• EXERCISE GOAL: Copy each line of the records that holds the string "Phone".
(Beginning of RECORDS FOR THE EXERCISE)
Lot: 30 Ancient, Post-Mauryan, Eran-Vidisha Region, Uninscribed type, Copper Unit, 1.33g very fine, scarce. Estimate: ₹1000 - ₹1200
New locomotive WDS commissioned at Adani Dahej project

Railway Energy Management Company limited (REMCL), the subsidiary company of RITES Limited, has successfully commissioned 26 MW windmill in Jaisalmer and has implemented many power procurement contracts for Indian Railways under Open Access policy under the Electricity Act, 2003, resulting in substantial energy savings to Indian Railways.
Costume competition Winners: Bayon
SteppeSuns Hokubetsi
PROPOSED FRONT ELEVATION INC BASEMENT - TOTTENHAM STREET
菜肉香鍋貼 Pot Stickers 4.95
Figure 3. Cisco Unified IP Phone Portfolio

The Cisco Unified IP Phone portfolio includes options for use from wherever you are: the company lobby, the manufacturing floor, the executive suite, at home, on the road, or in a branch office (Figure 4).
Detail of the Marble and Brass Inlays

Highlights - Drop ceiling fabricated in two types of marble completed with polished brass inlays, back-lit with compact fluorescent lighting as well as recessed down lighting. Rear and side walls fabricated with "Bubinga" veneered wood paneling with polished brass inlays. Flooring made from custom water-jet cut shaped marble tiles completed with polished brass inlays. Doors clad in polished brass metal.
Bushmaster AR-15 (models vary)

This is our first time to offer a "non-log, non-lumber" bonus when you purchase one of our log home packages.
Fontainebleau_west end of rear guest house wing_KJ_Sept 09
(End of RECORDS FOR THE EXERCISE)
(Beginning of RECORDS FOR THE EXERCISE)
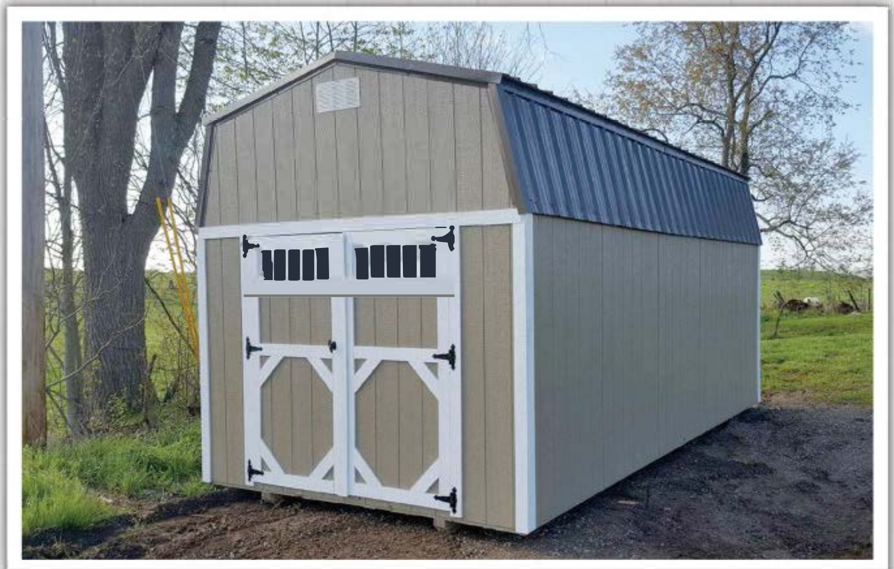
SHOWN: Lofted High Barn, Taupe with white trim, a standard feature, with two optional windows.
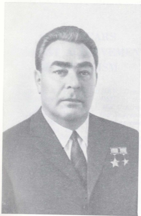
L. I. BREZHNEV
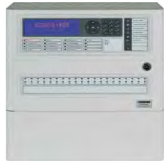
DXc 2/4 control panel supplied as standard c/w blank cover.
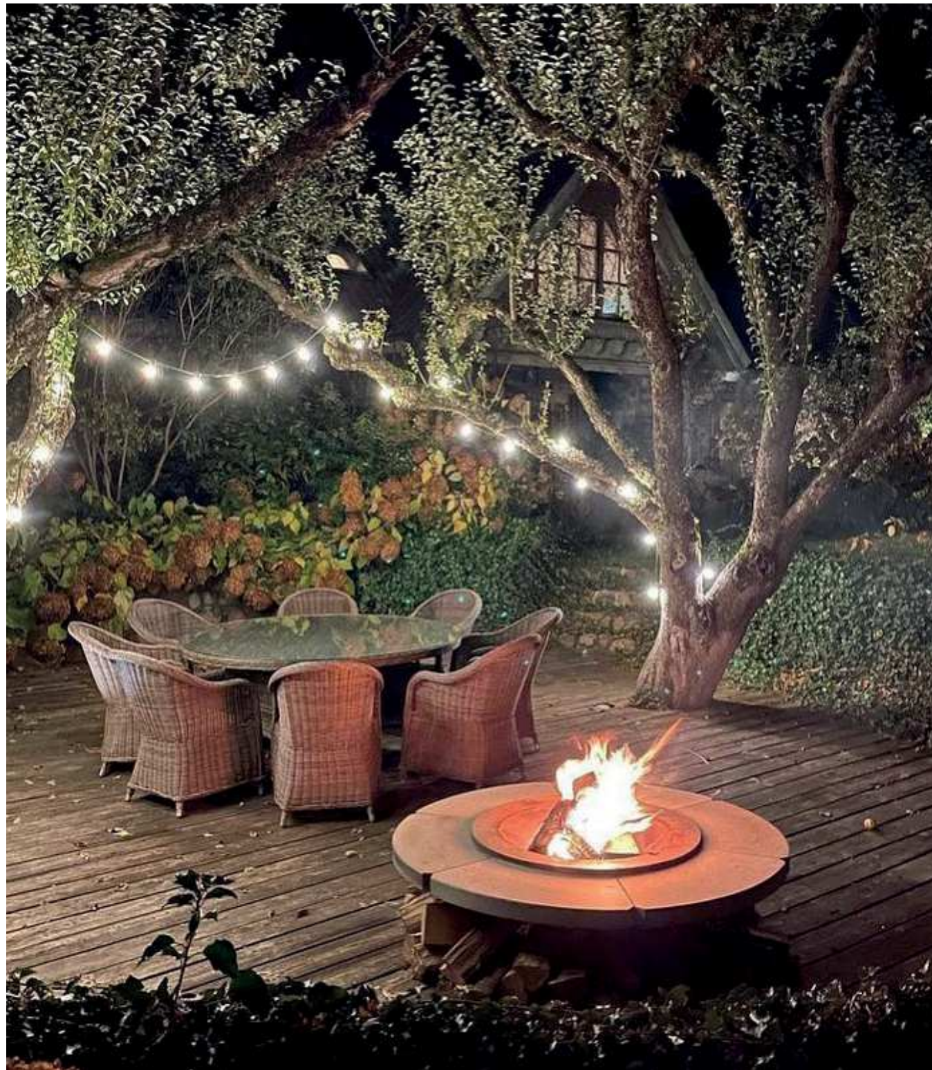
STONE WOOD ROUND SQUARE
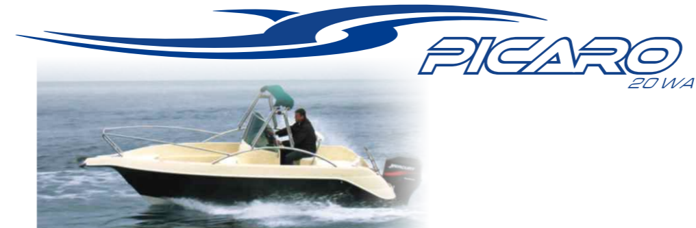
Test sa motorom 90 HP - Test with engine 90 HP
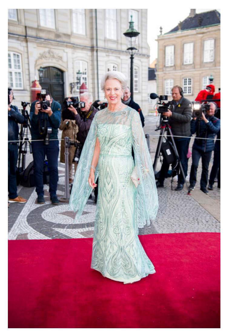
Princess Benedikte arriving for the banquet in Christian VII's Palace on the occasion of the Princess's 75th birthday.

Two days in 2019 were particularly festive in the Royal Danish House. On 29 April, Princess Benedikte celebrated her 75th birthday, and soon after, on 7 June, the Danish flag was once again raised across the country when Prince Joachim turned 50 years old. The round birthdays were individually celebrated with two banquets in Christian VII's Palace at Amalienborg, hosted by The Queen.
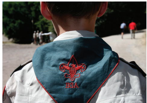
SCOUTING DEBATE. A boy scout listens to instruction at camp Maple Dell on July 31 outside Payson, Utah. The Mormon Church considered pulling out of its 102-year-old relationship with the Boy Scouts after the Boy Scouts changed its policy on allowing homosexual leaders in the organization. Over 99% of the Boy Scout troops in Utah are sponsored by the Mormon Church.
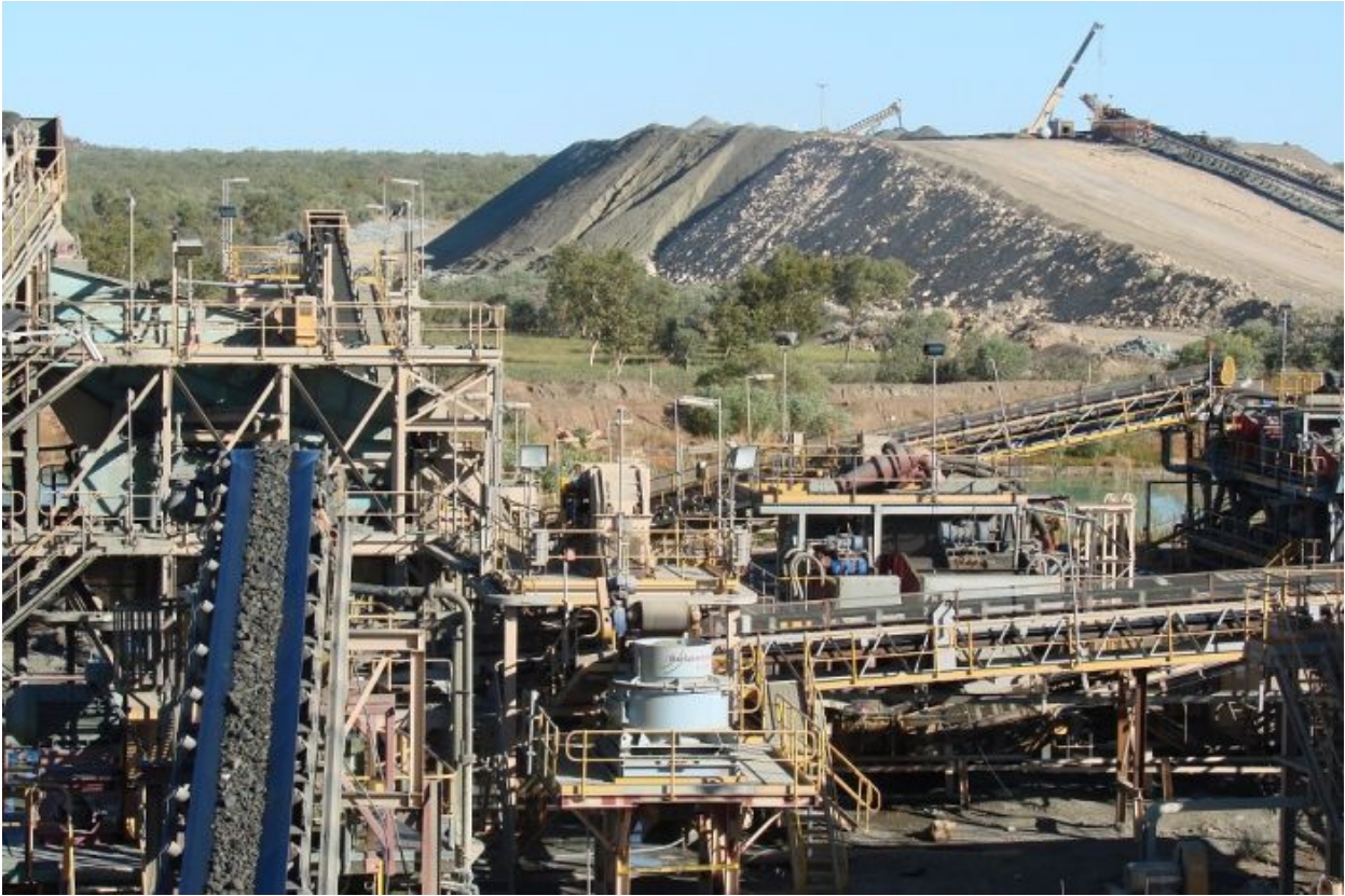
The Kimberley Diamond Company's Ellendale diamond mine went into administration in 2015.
(End of RECORDS FOR THE EXERCISE)
• EXERCISE RESULT:
Figure 3. Cisco Unified IP Phone Portfolio
The Cisco Unified IP Phone portfolio includes options for use from wherever you are: the company lobby, the manufacturing floor, the executive suite, at home, on the road, or in a branch office (Figure 4).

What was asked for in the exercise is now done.